Subject: CS350
Instructor: Eder Beldad
Language: C++
Course Decription
This course deals with the efficient representation and processing of complex 3D scenes in order to avoid bottlenecks in the use of the CPU and the GPU. Specific topics include a variety of spatial data structures (binary space-partitioning trees, octrees, kd-trees, and grid data structures), several object-culling methods (occlusion, viewport, and portal), and finally the construction and uses of bounding volumes and their hierarchies for collision detection and related geometric operations.
Bounding Volume Hierarchies
For this project I implemented the Top-Down and Bottom-Up approach. Although BVH’s are not really considered spatial partitioning, these can be used for frustum culling, ray intersection or collision detection to increase performance and early discard entities.
Octree
I implemented a very efficient octree using bitwise operations and locational codes which can be used to speed up rendering by efficiently locating objects inside the camera frustum, for collision testing, ray tracing and voxels.
Kd Trees
I created a Kd Tree, which is a generalization for quadtrees and octrees.
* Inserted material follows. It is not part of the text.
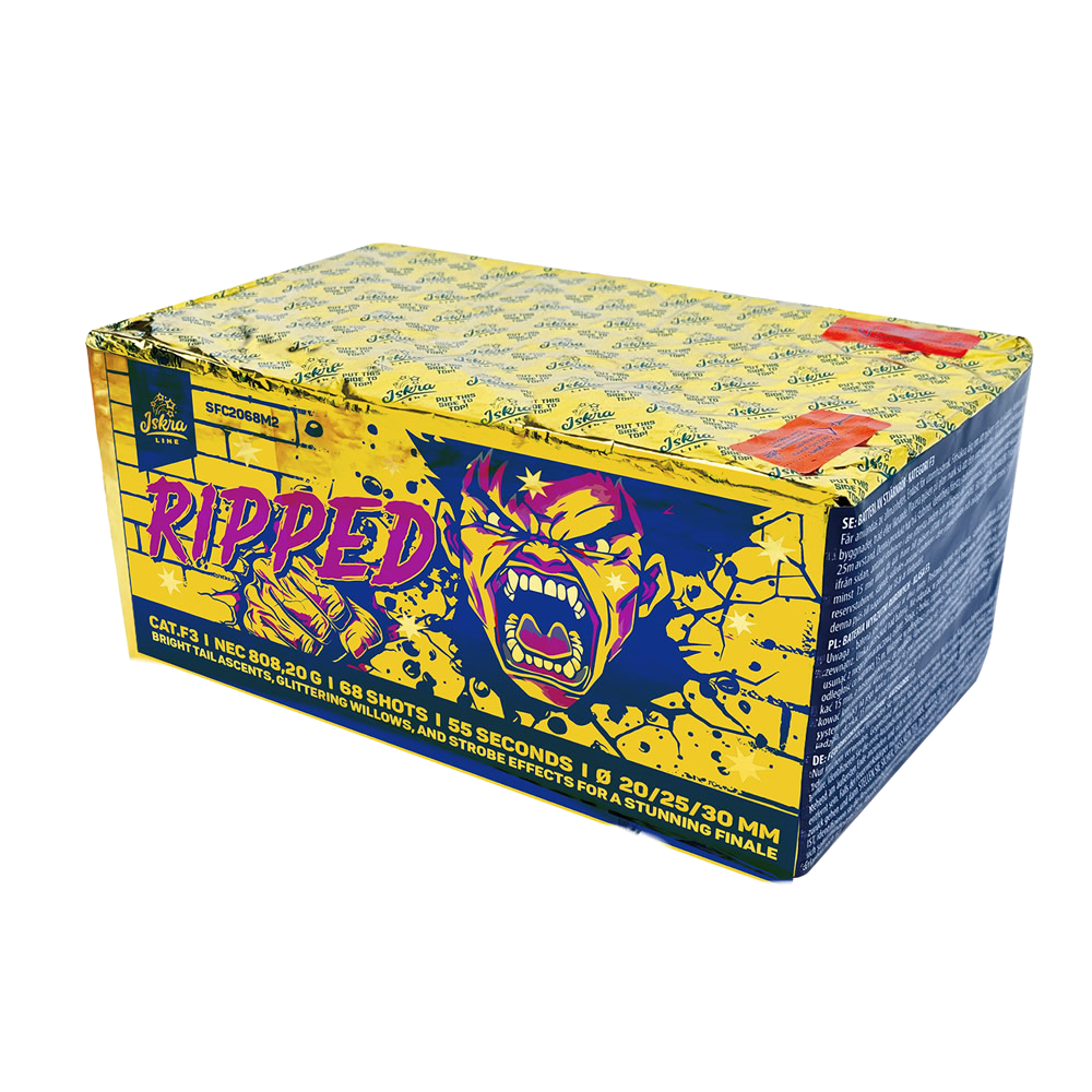 Mixed showbox with color, gold and strobe effects,followed by fanshape salvos of glittering willows and a crackling willow finale.

Kd Trees are extremely useful for ray tracing and in this demo I perform a ray intersection against a high detailed mesh. This allowed me to see which triangle was hit by the ray extremely fast.
Gilbert-Johnson-Keerthi (GKJ)
Not a spatial partitioning algorithm, but one used to check if two convex polyhedra are intersecting with possibilities to reduce its time compexity to O(1) using time coherence.
In the demo it is possible to see two meshes intersecting, the minkowski difference and the simplex that is generated each step.